Variable	Purpose	Example
`RUN_LIVE`	Use real tools instead of mocks	`RUN_LIVE=true`
`ITERATIONS`	Run each test N times	`ITERATIONS=10`
`MODEL`	LLM to test	`MODEL=gpt-4o`
`CLASSIFIER_MODEL`	LLM for scoring (needed for Anthropic)	`CLASSIFIER_MODEL=gpt-4o`
`ASK_HOLMES_TEST_TYPE`	Message building flow (`cli` or `server`)	`ASK_HOLMES_TEST_TYPE=server`

ASK_HOLMES_TEST_TYPE Details¶

The ASK_HOLMES_TEST_TYPE environment variable controls how messages are built in ask_holmes tests:

cli (default): Uses build_initial_ask_messages like the CLI ask() command. This mode:
Simulates the CLI interface behavior
Does not support conversation history tests (will skip them)
Includes runbook loading and system prompts as done in the CLI
server: Uses build_chat_messages with ChatRequest for server-style flow. This mode:
Simulates the API/server interface behavior
Supports conversation history tests
Uses the ChatRequest model for message building

# Test with CLI-style message building (default)
RUN_LIVE=true poetry run pytest -k "test_name"

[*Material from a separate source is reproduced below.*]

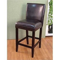 This beautifully made barstool is an attractive addition for any room. The rich fauby leather finish adds to the style of this unit. The 4 fruitwood stained solid wood legs are connected at the base of the stool and with a wood frame at the base for insured durability. The gently tapered legs are an added plus to this beautiful chair. Constructed with a wood frame and fauby leather finish. Clean with a dry non abrasive cloth. Light assembly required.

# Test with server-style message building
RUN_LIVE=true ASK_HOLMES_TEST_TYPE=server poetry run pytest -k "test_name"

Advanced Usage¶

Parallel Execution¶

Speed up test runs with parallel workers:

# Run with 10 parallel workers
RUN_LIVE=true ITERATIONS=10 poetry run pytest tests/llm/ -n 10

Debugging Failed Tests¶

When tests fail, use these techniques to investigate:

# 1. Verbose output to see details
RUN_LIVE=true pytest -vv -s tests/llm/test_ask_holmes.py -k "failing_test"

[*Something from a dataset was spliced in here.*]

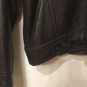 So On Trend!!! Super high quality! I can’t even describe how buttery soft this lambskin bomber jacket is…Feels like silk! Extremely supple, so it molds to you. Hipbone length makes it wearable as a jacket replacement at the office. Dark brown color....think dark chocolate. Clean zip front, button tabs at hem to adjust fit. EUC- perfect condition inside and out...no rips, gouges, stains, buttons and zipper in good working order.

# 2. Keep resources after test for inspection
RUN_LIVE=true pytest -k "test" --skip-cleanup

# 3. Iterate quickly without setup/cleanup
RUN_LIVE=true pytest -k "test" --skip-setup --skip-cleanup

# 4. Clean up when done debugging
RUN_LIVE=true pytest -k "test" --skip-setup

Model Comparison Workflow¶

Track performance across different models:

# 1. Baseline with GPT-4
RUN_LIVE=true ITERATIONS=10 EXPERIMENT_ID=baseline_gpt4o MODEL=gpt-4o pytest -n 10 tests/llm/

# 2. Compare with Claude
RUN_LIVE=true ITERATIONS=10 EXPERIMENT_ID=claude35 MODEL=anthropic/claude-3-5-sonnet CLASSIFIER_MODEL=gpt-4o pytest -n 10 tests/llm/

# 3. Results will be tracked if both BRAINTRUST_API_KEY and BRAINTRUST_ORG are set
export BRAINTRUST_API_KEY=your-key
export BRAINTRUST_ORG=your-org

Test Markers¶

Filter tests by functionality:

# Regression tests (should always pass)
RUN_LIVE=true ITERATIONS=10 poetry run pytest -m "llm and easy"

# Challenging tests
RUN_LIVE=true ITERATIONS=10 poetry run pytest -m "llm and medium"

# Tests involving logs
RUN_LIVE=true poetry run pytest -m "llm and logs"

See pyproject.toml for all available markers.